__THE TASK__
All pictures must be left out as you transcribe the lines from the first line of the data to the line containing "Харин энэ удаагийн", both included.
*** INFORMATION SHOWN Section Begins ***
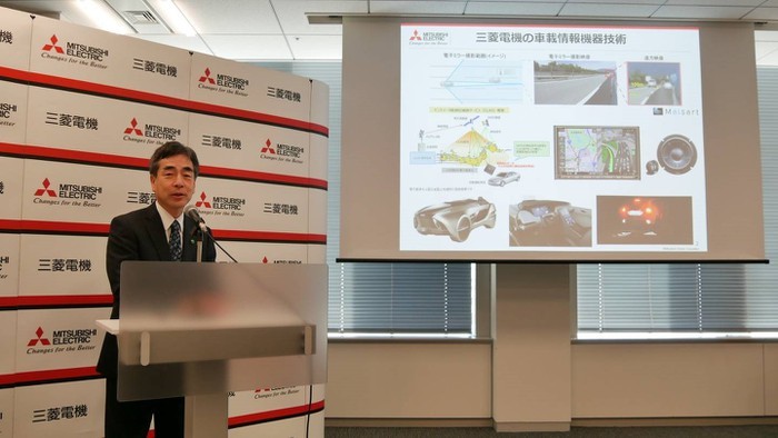 Tiến sĩ Tetsuo Nakakawaji, đứng đầu trung tâm R&D Công nghệ của Mitsubishi Electric, vừa trình diễn ý tưởng ngăn chặn tin tặc tấn công xe hơi.
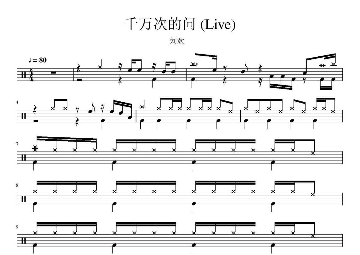 刘欢《千万次的问》鼓谱 - 架子鼓谱
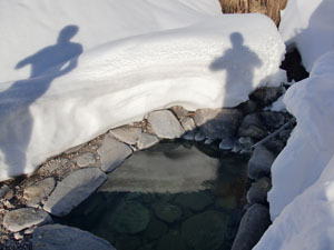 ![]() これも大雪のため、薬師の湯の温度は、外気温より も高いという程度であった。流れ込んでいるお湯の温度 は体温程度であったので、徐々に温度が上がりつつある とは思われた。 Also due to the extreme amount of snow, the temperature of Yakushi no Yu was still low, although it was definitely warmer than the air. The water flowing into the bath was as warm as human bodies, it was exptected that in some days, the bath would be as warm as human bodies. |
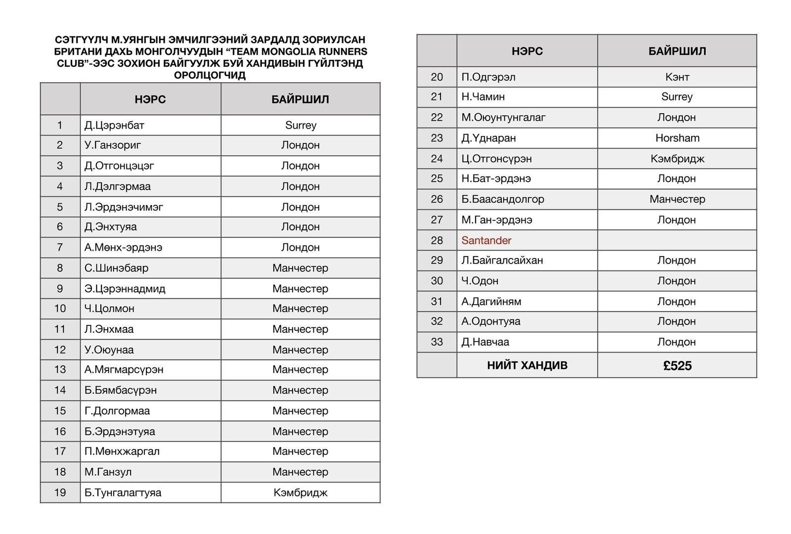 Харин энэ удаагийн хандивын гүйлт нь сэтгүүлч М.Уянгын эмчилгээний зардалд бага ч болтугай хувь нэмэр болох  үүднээс зохиогдсон бөгөөд Лондон, Манчестер,  Кембридж хотуудад амьдарч буй гүйгчид дэмжин оролцож нийт £525 фунт стерлинг буюу  ойролцоогоор 1,600,000 орчим төгрөгийн хандив цуглуулжээ. Арга хэмжээнд Монгол Улсын соёлын элч, төрийн туульч, МУСГЗ Э.Баатаржав хүрэлцэн ирж ерөөл айлдсан аж.
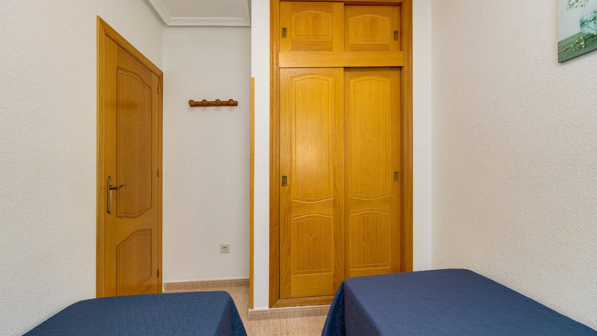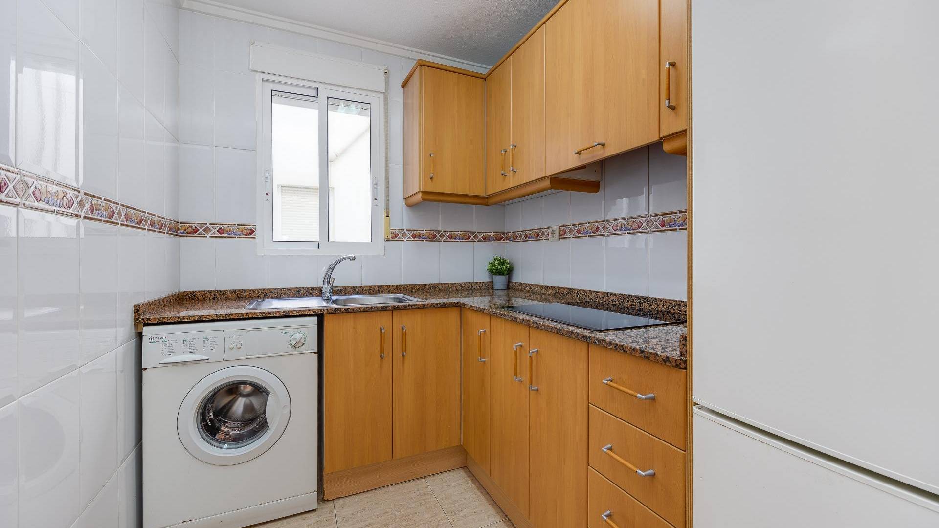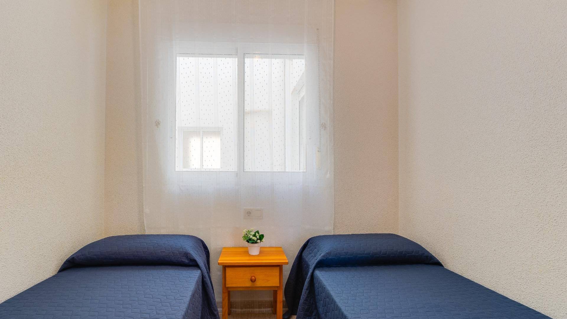 VACKER, RYMLIG OCH TYST Upptäck denna charmiga lägenhet i Torrevieja, belägen nära busstationen. Med en byggd yta på 66 m² och en användbar yta på 60 m² utmärker sig denna fastighet för sitt utmärkta skick och rikliga naturliga ljusinsläpp. Den har en terrass i österläge med fri utsikt. Lägenheten har två rymliga och bekväma sovrum med dubbelsäng. Det separata köket är perfekt utformat och hela lägenheten erbjuder en lugn atmosfär. Byggnaden ståtar med ett rent och välskött bostadsområde; du kan också koppla av under de varma sommardagarna tack vare den gemensamma poolen. Beläget bara 1600 meter från havet, har du nära till allt du behöver: stormarknader, restauranger, apotek, hälsocenter etc.
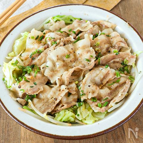 豚ばら肉ともやしキャベツのレンジ蒸し 調理も味付けも簡単♪。
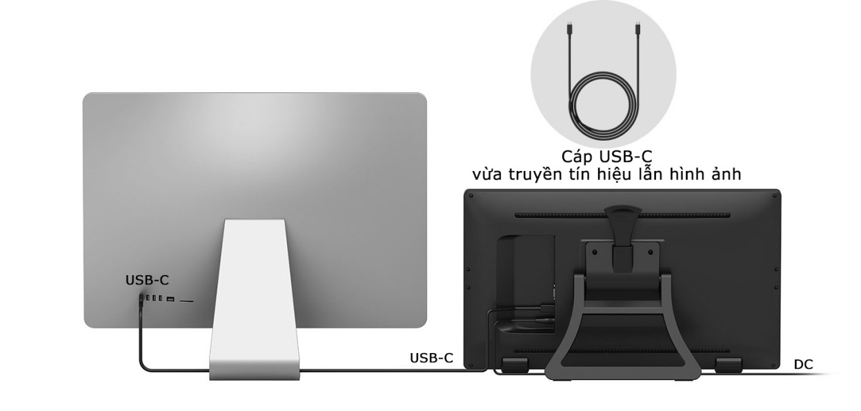 Bạn cũng có thể kết nối 22R Pro với máy tính thông qua cáp HDMI/VGA, đầu chuyển USB-C sang USB và adapter nguồn điện.
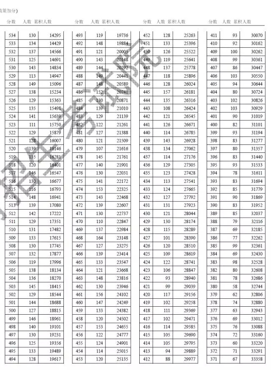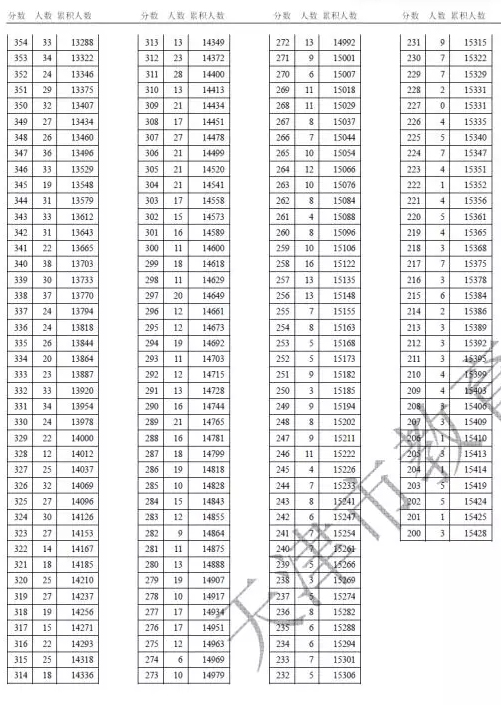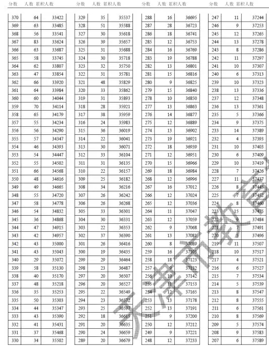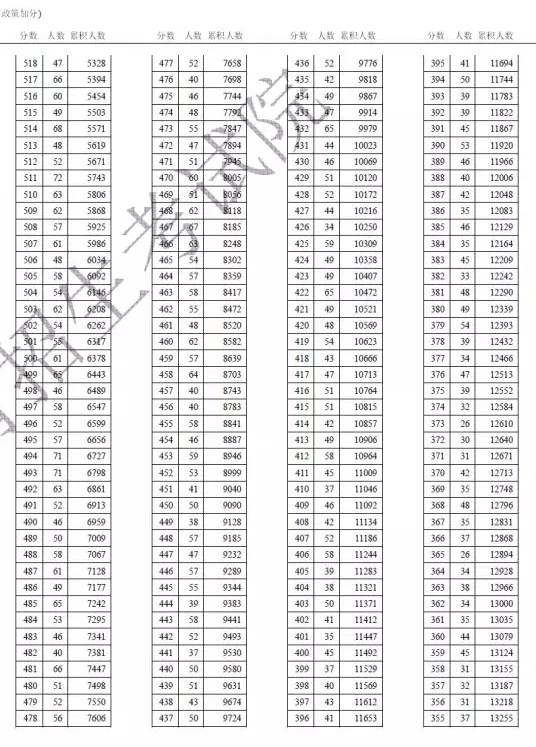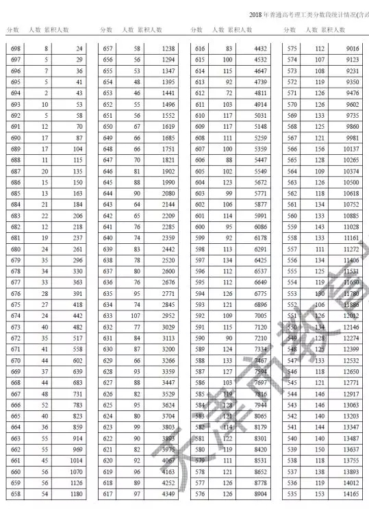 2018年天津高考理工類、文史類分?jǐn)?shù)段統(tǒng)計情況(含政策加分)
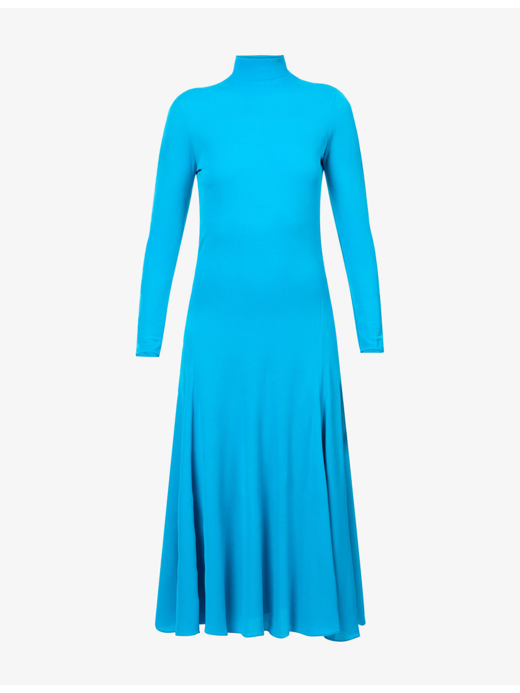 PRODUCT DETAILS - Alaia fluid-jersey midi dress - 100% viscose - Regular fit, high neck, long sleeves, heart-shaped cut-out at back, ankle length, fit-and-flare silhouette - Specialist dry clean only - Made in Italy - True to size - Size UK 8: length 51in / 130cm - Model is 5ft 10in/1.78m and wears a size UK 8 - Lightweight, stretchy Ref: R04508239
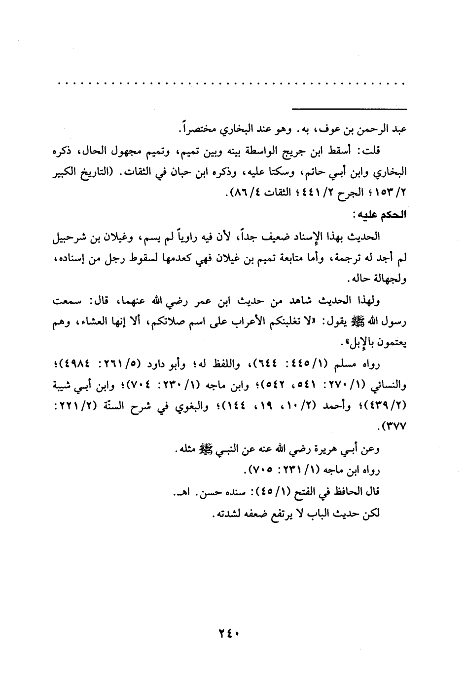 قلت: أسقط ابن جريج الواسطة بينه وبين تميم، وتميم مجهول الحال، ذكره البخاري وابن أبي حاتم، وسكتا عليه، وذكره ابن حبان في الثقات. (التاريخ الكبير 2/ 153؛ الجرح 2/ 441؛ الثقات 4/ 86).
*** INFORMATION SHOWN Section Ends ***
__RESPONSE AREA__
 Tiến sĩ Tetsuo Nakakawaji, đứng đầu trung tâm R&D Công nghệ của Mitsubishi Electric, vừa trình diễn ý tưởng ngăn chặn tin tặc tấn công xe hơi.
 刘欢《千万次的问》鼓谱 - 架子鼓谱
 ![]() これも大雪のため、薬師の湯の温度は、外気温より も高いという程度であった。流れ込んでいるお湯の温度 は体温程度であったので、徐々に温度が上がりつつある とは思われた。 Also due to the extreme amount of snow, the temperature of Yakushi no Yu was still low, although it was definitely warmer than the air. The water flowing into the bath was as warm as human bodies, it was exptected that in some days, the bath would be as warm as human bodies. |
 Харин энэ удаагийн хандивын гүйлт нь сэтгүүлч М.Уянгын эмчилгээний зардалд бага ч болтугай хувь нэмэр болох  үүднээс зохиогдсон бөгөөд Лондон, Манчестер,  Кембридж хотуудад амьдарч буй гүйгчид дэмжин оролцож нийт £525 фунт стерлинг буюу  ойролцоогоор 1,600,000 орчим төгрөгийн хандив цуглуулжээ. Арга хэмжээнд Монгол Улсын соёлын элч, төрийн туульч, МУСГЗ Э.Баатаржав хүрэлцэн ирж ерөөл айлдсан аж.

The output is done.